Table Of ContentImplementatie grootzakelijke contracten
en ALM voor Zwitserleven
Stageverslag
Rianne Lurvink
v 1.130 juli2007
vrije Universiteit amsterdam
Faculteit der Exacte Wetenschappen
Studierichting Bedrijfswiskunde en Informatica
De Boelelaan 1081a
1081 HV Amsterdam
Stagebedrijf:
Zwitserleven
Burgemeester Rijnderslaan 7
1185 MD Amstelveen
2
Voorwoord
Het afsluitende gedeelte van de studie Bedrijfswiskunde en Informatica is een stage van
minimaal zes maanden. Het doel van de stage is om een probleem van een bedrijf te
onderzoeken, te analyseren, en zo mogelijk op te lossen. Belangrijk is om inzicht te
verkrijgen in het functioneren van een organisatie. Ik heb mijn afstudeerstage bij
Zwitserleven in Amstelveen gelopen. Ik wil Zwitserleven dan ook bedanken voor de
mogelijkheid die ze mij hebben geboden om mijn afstudeerstage bij hen uit te voeren.
In het bijzonder wil ik mijn verschillende begeleiders binnen Zwitserleven bedanken.
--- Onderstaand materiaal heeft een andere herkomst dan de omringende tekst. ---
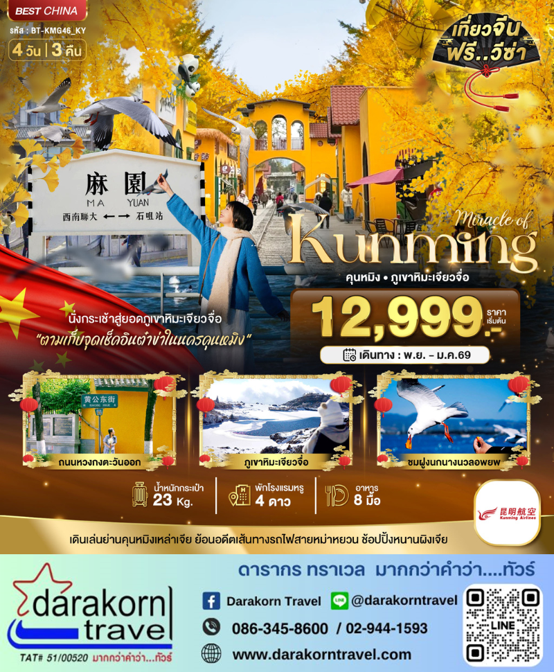 ทัวร์จีน - มหัศจรรย์...คุนหมิง ภูเขาหิมะเจียวจื่อ 4วัน3คืน(KY)เดือนพฤศจิกายน 2568 - มกราคม 2569

Allereerst Wendy Wes voor het begeleiden van het projectgedeelte en Steve Djadoenath
voor het begeleiden van het ALM gedeelte van dit verslag. Daarnaast wil ik ook Jitske
Meijering en Tonny Verbaken bedanken voor de nuttige feedback op het totale verslag.
Graag zou ik ook Dennis Roubos en André Ran, mijn begeleiders van de Vrije
Universiteit, willen bedanken voor het commentaar op dit verslag.
Rianne Lurvink
Amstelveen, juli 2007
3
4
Management Summary
Implementatie grootzakelijke contracten
Vertrouwelijk.
Asset Liability Management
ALM is de afkorting voor Asset Liability Management. Deelnemers van een
pensioenverzekering bouwen ieder jaar pensioenrechten op die gefinancierd moeten
worden. De financiering vindt plaats door premiebetaling en het rendement op de
portefeuille. Op een bepaald moment moeten er uitkeringen worden gedaan. Deze
uitkeringen worden ook wel de verplichtingen genoemd. Het mag niet voorkomen dat op
enig moment niet aan de verplichtingen kan worden voldaan. De toezichthouder van het
fonds (DNB) houdt dit scherp in de gaten. Er zijn echter een aantal onbekende factoren
in het spel. Zo is het niet duidelijk hoe de activa zich ontwikkelen in de loop der tijd. Het
rendement op de activa is afhankelijk van het gekozen investeringsbeleid. Aan de andere
kant zijn de toekomstige verplichtingen ook niet bekend. Hoeveel mensen gaan er met
pensioen? Wat zijn de verwachte salarisontwikkelingen? Wat zijn de toekomstige
indexatieverplichtingen? Hoeveel mensen overlijden er? De totale verplichtingen zijn hier
afhankelijk van. Wat is dan het optimale investeringsbeleid? Hoe hoog moet de premie
zijn?
Dit vraagstuk wordt ALM genoemd. ALM studies worden vaak gedaan voor
pensioenfondsen om de ontwikkeling van de verschillende onderdelen op de balans te
modelleren bij verschillende macro-economische scenario’s. Bij het ontwikkelen van
deze scenario’s moeten er dus modellen worden opgesteld om voorspellingen te kunnen
doen voor bijvoorbeeld de aandelenkoersen, de inflatie en de obligatiekoersen. Hoe de
waarde van de activa zich ontwikkelt is afhankelijk van de voorspellingen van de macro-
economische variabelen. Ook voor grootzakelijke contracten waarbij de
beleggingsportefeuille gesepareerd beheerd wordt, is dit een belangrijk vraagstuk.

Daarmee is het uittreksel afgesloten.